** Opening Records supplied block **

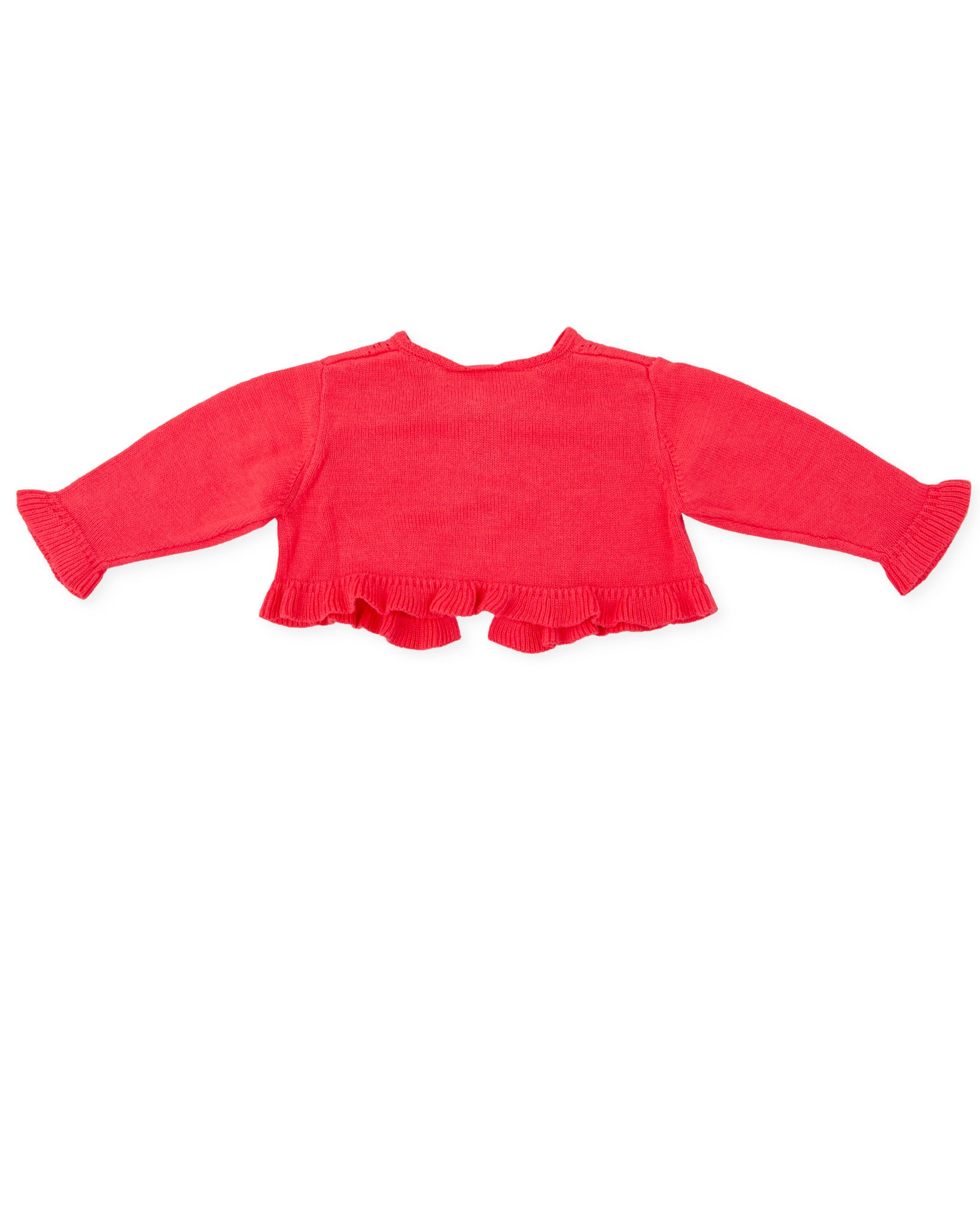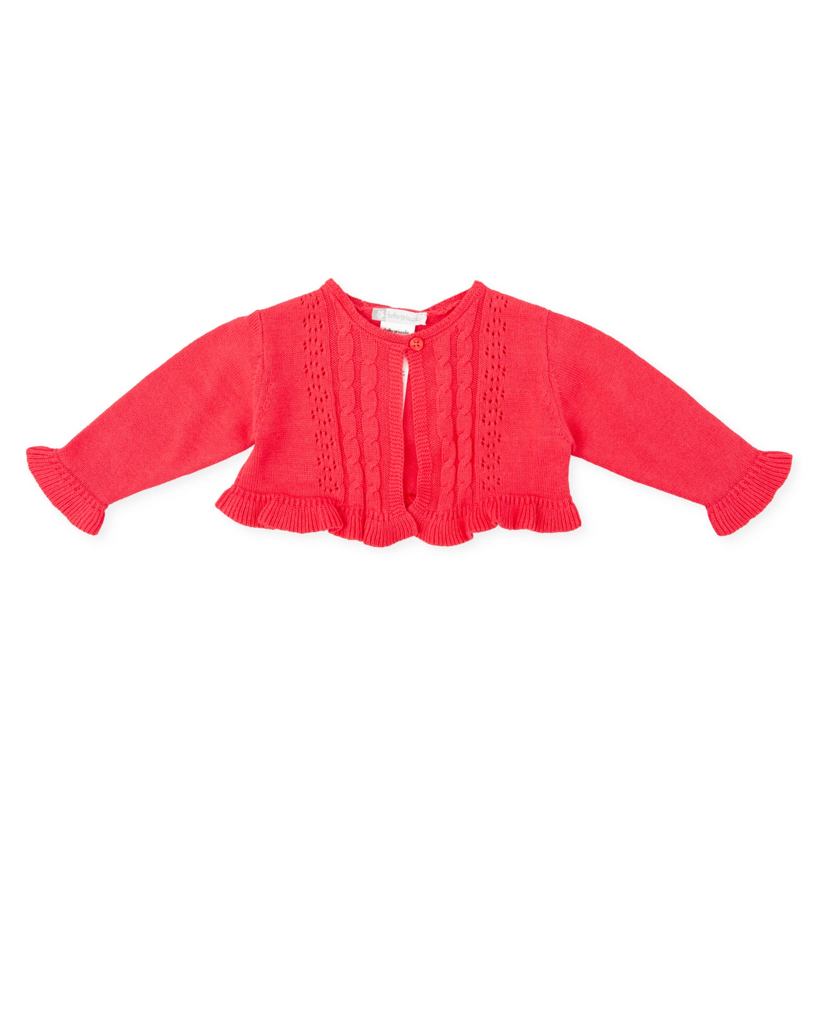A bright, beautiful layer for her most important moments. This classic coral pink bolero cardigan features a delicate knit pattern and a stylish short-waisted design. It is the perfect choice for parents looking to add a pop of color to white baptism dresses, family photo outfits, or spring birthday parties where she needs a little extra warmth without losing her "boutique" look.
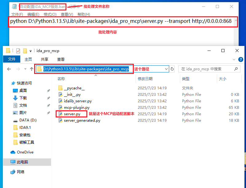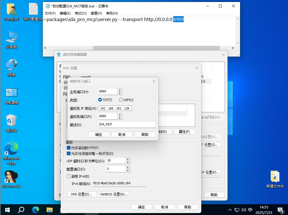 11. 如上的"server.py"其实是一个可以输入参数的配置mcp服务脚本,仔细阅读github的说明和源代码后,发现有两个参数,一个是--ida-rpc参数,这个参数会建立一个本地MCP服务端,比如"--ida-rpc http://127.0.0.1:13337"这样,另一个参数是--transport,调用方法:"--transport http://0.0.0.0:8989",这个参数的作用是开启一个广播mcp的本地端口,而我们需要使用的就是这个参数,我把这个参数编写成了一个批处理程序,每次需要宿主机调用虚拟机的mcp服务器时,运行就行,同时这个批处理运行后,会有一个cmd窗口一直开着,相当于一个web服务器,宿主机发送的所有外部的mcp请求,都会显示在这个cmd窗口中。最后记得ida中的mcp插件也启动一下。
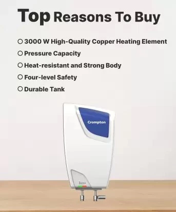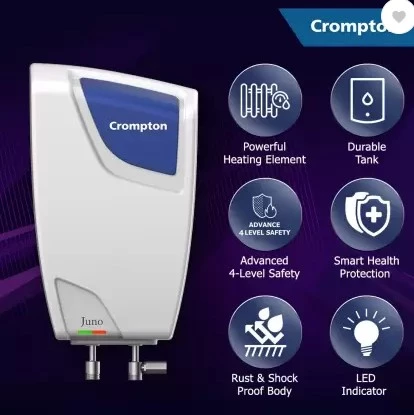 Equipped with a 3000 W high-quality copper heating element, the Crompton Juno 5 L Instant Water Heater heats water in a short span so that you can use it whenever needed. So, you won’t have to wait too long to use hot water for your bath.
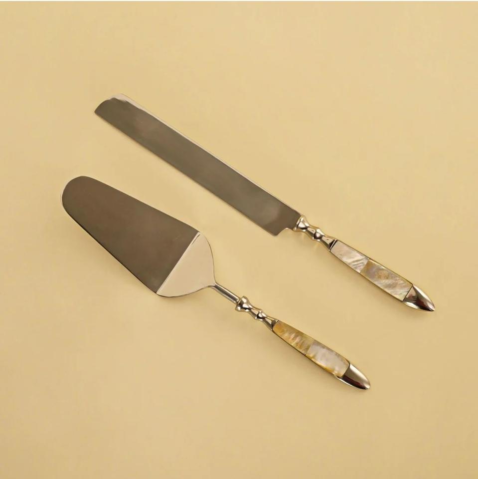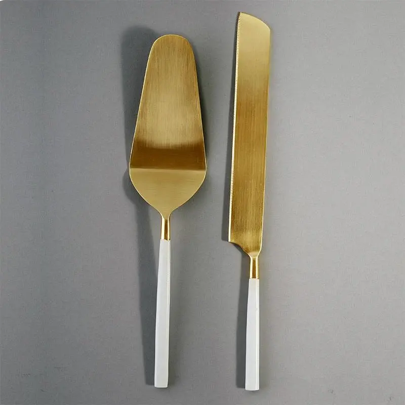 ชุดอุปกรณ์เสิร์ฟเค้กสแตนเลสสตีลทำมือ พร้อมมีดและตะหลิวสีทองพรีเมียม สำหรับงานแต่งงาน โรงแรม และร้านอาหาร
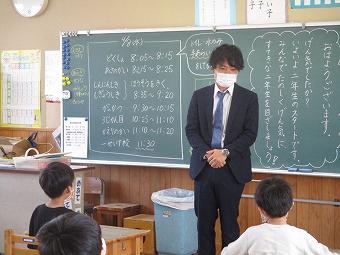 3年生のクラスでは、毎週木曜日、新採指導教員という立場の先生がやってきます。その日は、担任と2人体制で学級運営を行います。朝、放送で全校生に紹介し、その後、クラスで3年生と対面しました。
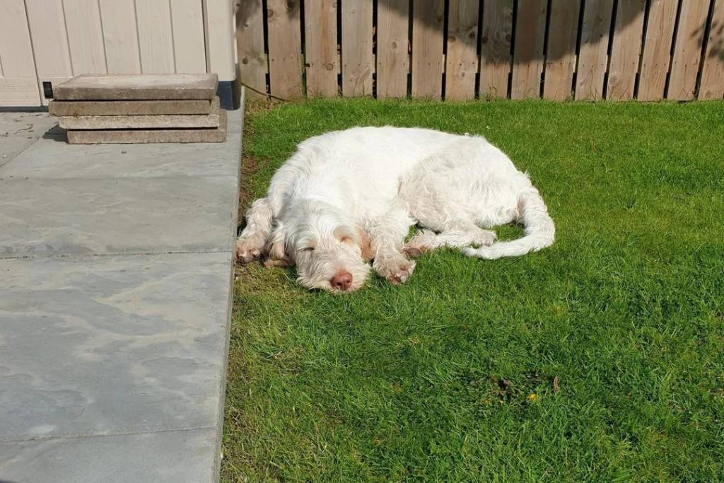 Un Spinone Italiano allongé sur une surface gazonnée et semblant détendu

** Closing Records supplied block **
** Opening Records supplied block **

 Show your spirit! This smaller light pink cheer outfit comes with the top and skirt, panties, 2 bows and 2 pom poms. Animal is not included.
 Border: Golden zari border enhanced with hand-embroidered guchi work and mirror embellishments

** Closing Records supplied block **
** Opening Records supplied block **

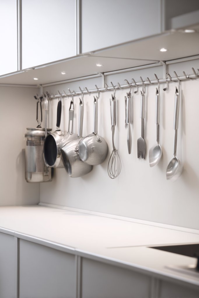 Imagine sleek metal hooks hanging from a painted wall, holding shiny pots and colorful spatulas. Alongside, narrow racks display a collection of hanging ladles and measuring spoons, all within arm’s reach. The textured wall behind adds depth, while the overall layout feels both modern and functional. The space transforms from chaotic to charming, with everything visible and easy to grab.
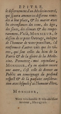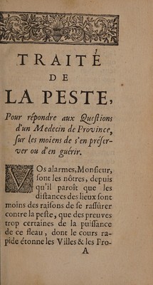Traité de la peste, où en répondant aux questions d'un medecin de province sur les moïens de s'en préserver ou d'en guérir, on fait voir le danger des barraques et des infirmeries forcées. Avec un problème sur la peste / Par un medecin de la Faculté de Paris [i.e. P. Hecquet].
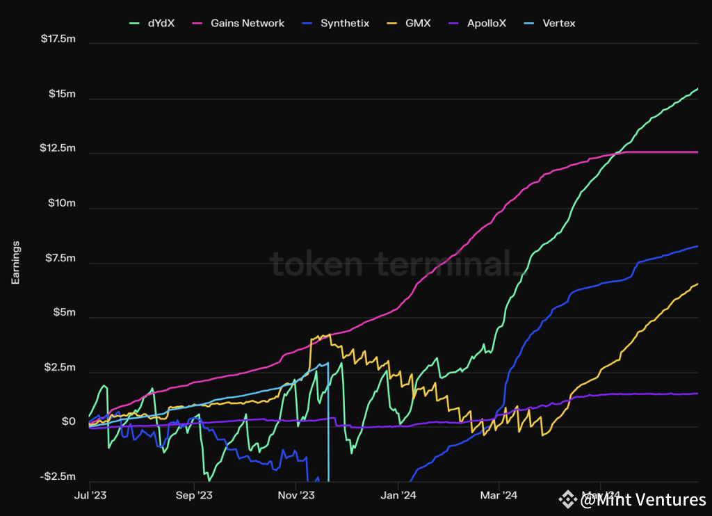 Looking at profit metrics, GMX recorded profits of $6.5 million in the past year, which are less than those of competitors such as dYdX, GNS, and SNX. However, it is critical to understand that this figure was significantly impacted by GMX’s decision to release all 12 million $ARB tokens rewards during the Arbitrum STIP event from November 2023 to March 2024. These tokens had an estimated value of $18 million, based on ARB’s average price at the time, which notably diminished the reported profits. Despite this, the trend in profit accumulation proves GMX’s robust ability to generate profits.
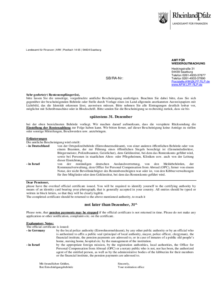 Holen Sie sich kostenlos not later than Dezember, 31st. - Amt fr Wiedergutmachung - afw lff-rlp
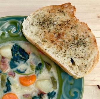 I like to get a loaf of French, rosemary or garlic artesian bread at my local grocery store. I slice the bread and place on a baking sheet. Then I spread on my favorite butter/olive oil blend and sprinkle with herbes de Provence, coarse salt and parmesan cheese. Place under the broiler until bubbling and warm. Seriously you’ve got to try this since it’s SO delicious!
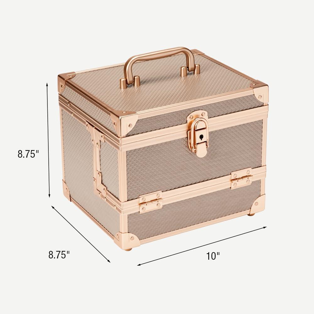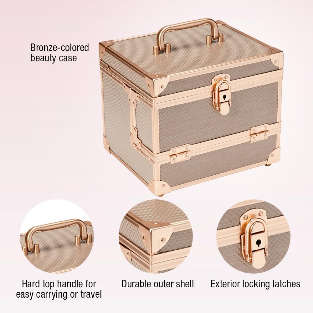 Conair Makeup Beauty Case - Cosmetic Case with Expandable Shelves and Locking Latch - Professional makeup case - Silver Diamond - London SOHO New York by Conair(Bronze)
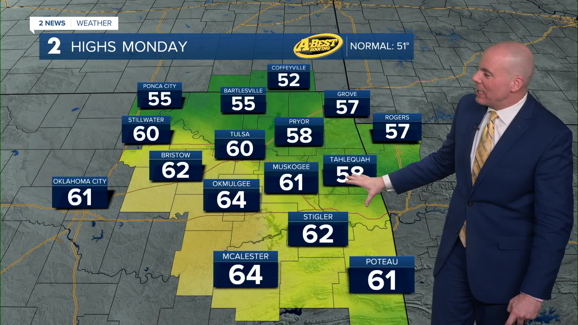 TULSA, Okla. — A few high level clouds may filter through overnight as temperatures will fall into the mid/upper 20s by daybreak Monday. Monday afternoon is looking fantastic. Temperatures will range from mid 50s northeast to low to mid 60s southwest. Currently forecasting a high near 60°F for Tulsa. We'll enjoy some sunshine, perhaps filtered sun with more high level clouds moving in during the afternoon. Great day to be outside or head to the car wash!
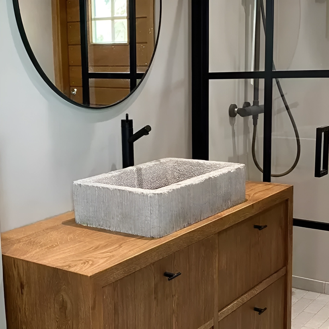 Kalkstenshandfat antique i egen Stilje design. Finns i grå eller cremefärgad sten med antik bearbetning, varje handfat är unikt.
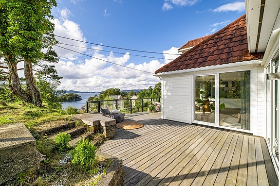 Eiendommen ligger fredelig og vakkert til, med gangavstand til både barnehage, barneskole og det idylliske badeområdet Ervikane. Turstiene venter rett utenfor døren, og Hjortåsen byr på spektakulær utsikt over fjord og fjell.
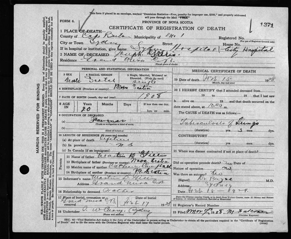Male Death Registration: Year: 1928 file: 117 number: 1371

** Closing Records supplied block **

**How to complete this task**
Nothing but the lines above from the one that has "3年生のクラスでは、毎週木曜" down to the one that has "Un Spinone Italiano" belongs in the answer, copied exactly, without pictures.

**Task answer**
 3年生のクラスでは、毎週木曜日、新採指導教員という立場の先生がやってきます。その日は、担任と2人体制で学級運営を行います。朝、放送で全校生に紹介し、その後、クラスで3年生と対面しました。
 Un Spinone Italiano allongé sur une surface gazonnée et semblant détendu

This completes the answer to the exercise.